Below is a listing; write it out exactly and drop any images from it.

[Start of section]

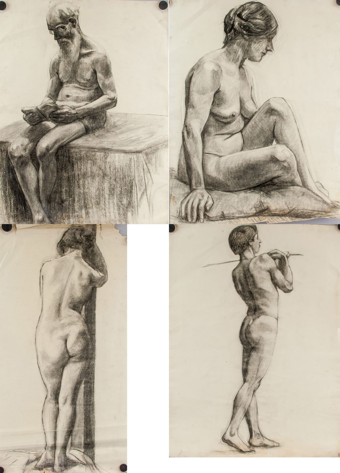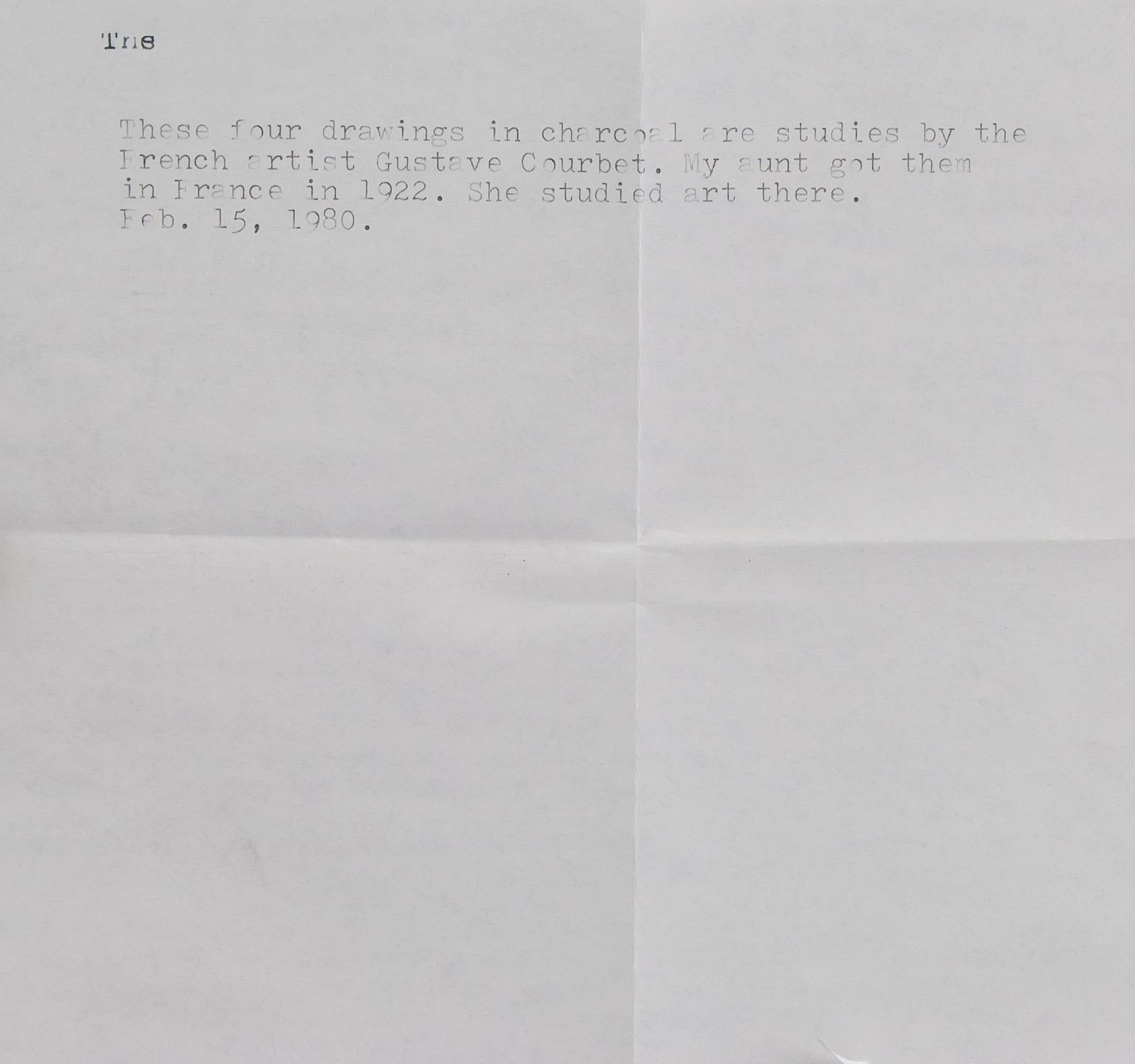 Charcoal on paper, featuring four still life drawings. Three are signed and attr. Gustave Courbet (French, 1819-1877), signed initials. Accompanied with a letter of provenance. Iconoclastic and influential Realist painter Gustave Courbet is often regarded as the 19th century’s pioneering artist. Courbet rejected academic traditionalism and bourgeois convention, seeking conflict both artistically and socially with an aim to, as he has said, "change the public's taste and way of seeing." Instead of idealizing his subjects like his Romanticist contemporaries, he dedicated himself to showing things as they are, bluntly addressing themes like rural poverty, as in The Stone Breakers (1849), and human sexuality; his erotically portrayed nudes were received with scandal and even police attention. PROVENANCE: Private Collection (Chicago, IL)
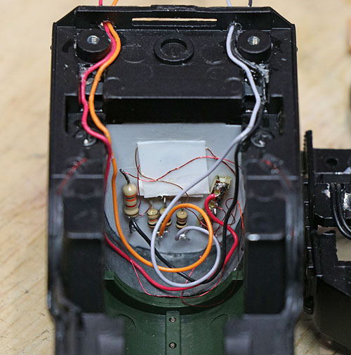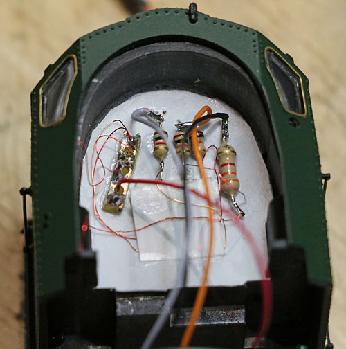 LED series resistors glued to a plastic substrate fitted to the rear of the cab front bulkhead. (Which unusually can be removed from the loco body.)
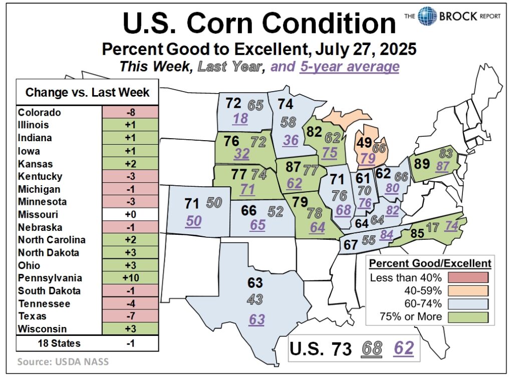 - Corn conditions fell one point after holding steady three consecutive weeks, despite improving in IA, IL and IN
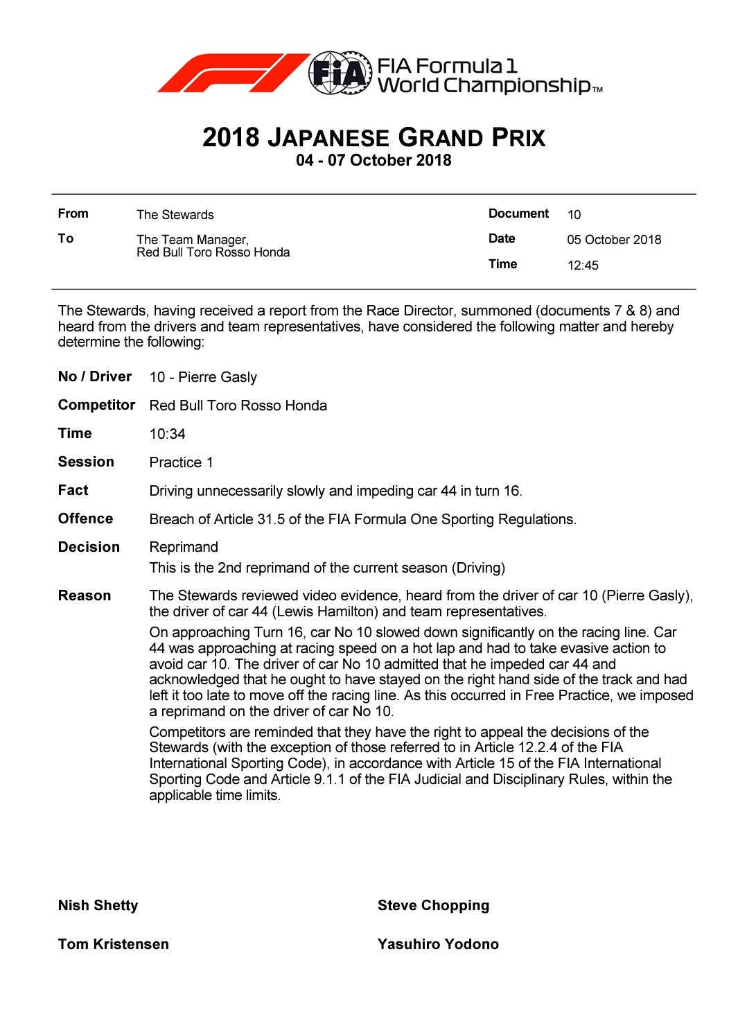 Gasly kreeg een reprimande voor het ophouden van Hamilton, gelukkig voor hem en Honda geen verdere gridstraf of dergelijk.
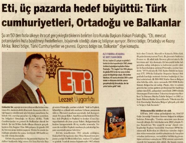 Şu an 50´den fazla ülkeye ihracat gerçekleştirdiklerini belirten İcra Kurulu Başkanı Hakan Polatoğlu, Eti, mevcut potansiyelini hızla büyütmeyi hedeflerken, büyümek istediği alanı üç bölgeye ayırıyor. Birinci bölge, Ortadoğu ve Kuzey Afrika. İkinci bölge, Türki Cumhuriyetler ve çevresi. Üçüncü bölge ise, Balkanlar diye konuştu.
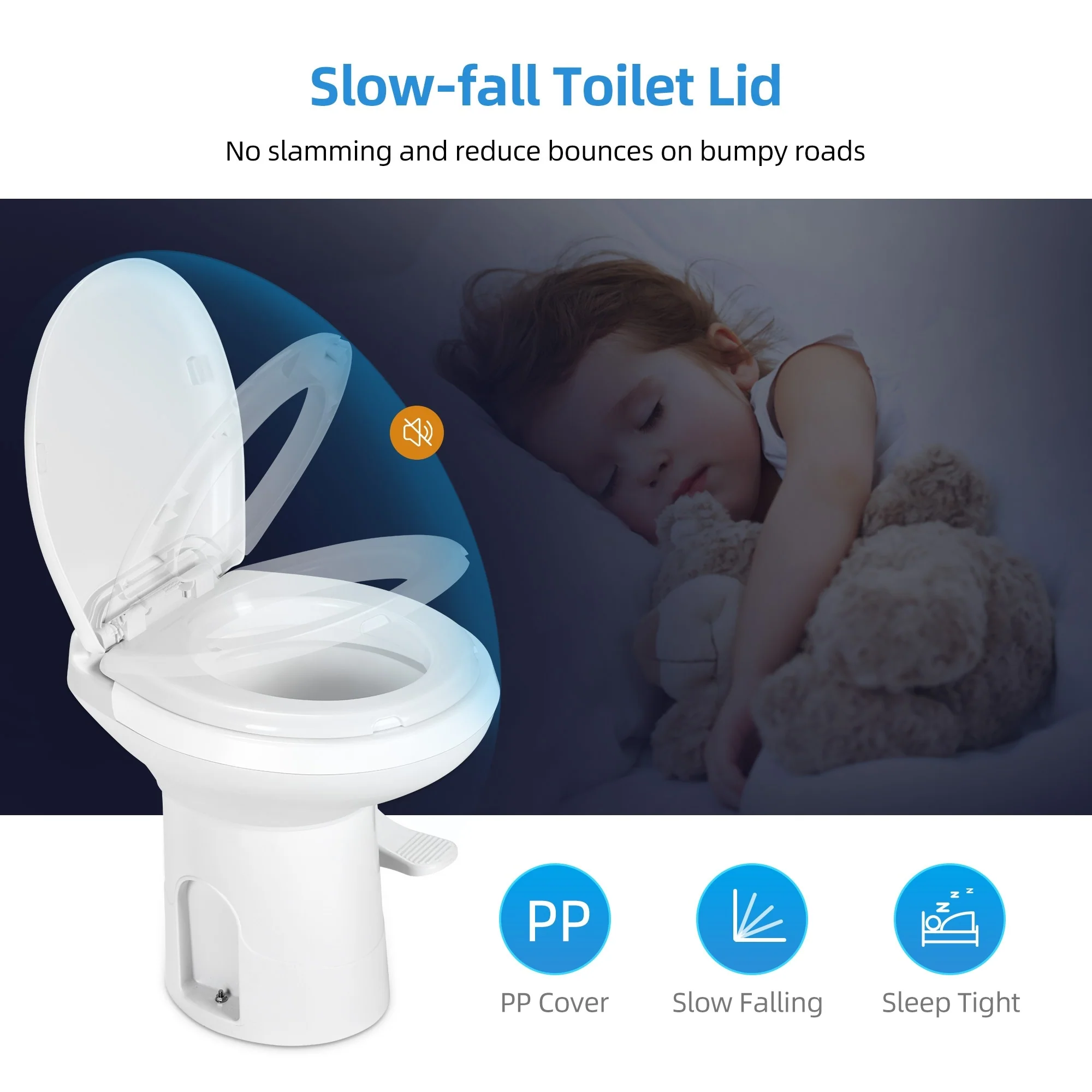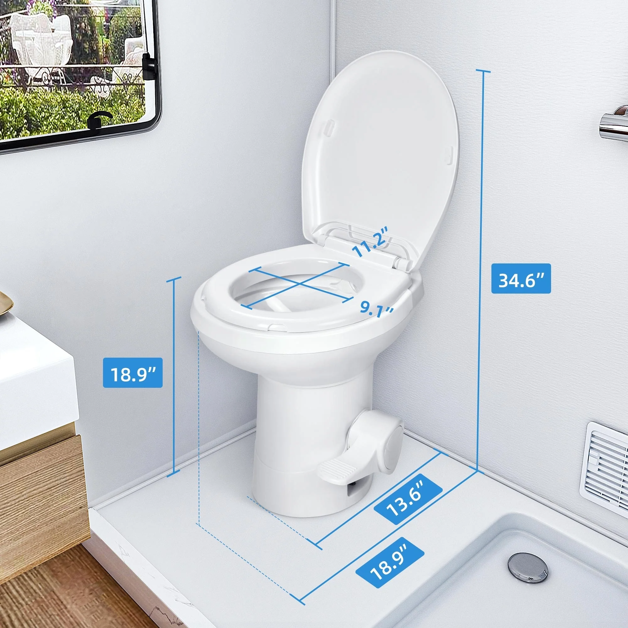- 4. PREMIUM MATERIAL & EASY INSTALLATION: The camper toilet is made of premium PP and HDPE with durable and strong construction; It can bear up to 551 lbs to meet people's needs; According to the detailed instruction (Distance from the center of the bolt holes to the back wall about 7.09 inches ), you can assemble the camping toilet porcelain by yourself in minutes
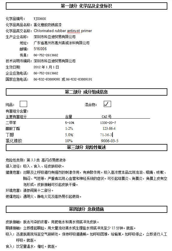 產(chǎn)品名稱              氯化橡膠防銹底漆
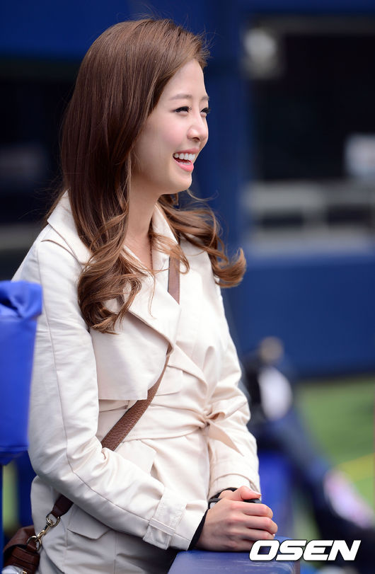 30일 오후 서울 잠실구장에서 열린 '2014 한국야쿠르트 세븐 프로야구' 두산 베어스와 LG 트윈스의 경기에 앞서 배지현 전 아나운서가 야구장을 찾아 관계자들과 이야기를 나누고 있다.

[End of section]

◆ **WRITTEN RESPONSE**:
 Charcoal on paper, featuring four still life drawings. Three are signed and attr. Gustave Courbet (French, 1819-1877), signed initials. Accompanied with a letter of provenance. Iconoclastic and influential Realist painter Gustave Courbet is often regarded as the 19th century’s pioneering artist. Courbet rejected academic traditionalism and bourgeois convention, seeking conflict both artistically and socially with an aim to, as he has said, "change the public's taste and way of seeing." Instead of idealizing his subjects like his Romanticist contemporaries, he dedicated himself to showing things as they are, bluntly addressing themes like rural poverty, as in The Stone Breakers (1849), and human sexuality; his erotically portrayed nudes were received with scandal and even police attention. PROVENANCE: Private Collection (Chicago, IL)
 LED series resistors glued to a plastic substrate fitted to the rear of the cab front bulkhead. (Which unusually can be removed from the loco body.)
 - Corn conditions fell one point after holding steady three consecutive weeks, despite improving in IA, IL and IN
 Gasly kreeg een reprimande voor het ophouden van Hamilton, gelukkig voor hem en Honda geen verdere gridstraf of dergelijk.
 Şu an 50´den fazla ülkeye ihracat gerçekleştirdiklerini belirten İcra Kurulu Başkanı Hakan Polatoğlu, Eti, mevcut potansiyelini hızla büyütmeyi hedeflerken, büyümek istediği alanı üç bölgeye ayırıyor. Birinci bölge, Ortadoğu ve Kuzey Afrika. İkinci bölge, Türki Cumhuriyetler ve çevresi. Üçüncü bölge ise, Balkanlar diye konuştu.
- 4. PREMIUM MATERIAL & EASY INSTALLATION: The camper toilet is made of premium PP and HDPE with durable and strong construction; It can bear up to 551 lbs to meet people's needs; According to the detailed instruction (Distance from the center of the bolt holes to the back wall about 7.09 inches ), you can assemble the camping toilet porcelain by yourself in minutes
 產(chǎn)品名稱              氯化橡膠防銹底漆
 30일 오후 서울 잠실구장에서 열린 '2014 한국야쿠르트 세븐 프로야구' 두산 베어스와 LG 트윈스의 경기에 앞서 배지현 전 아나운서가 야구장을 찾아 관계자들과 이야기를 나누고 있다.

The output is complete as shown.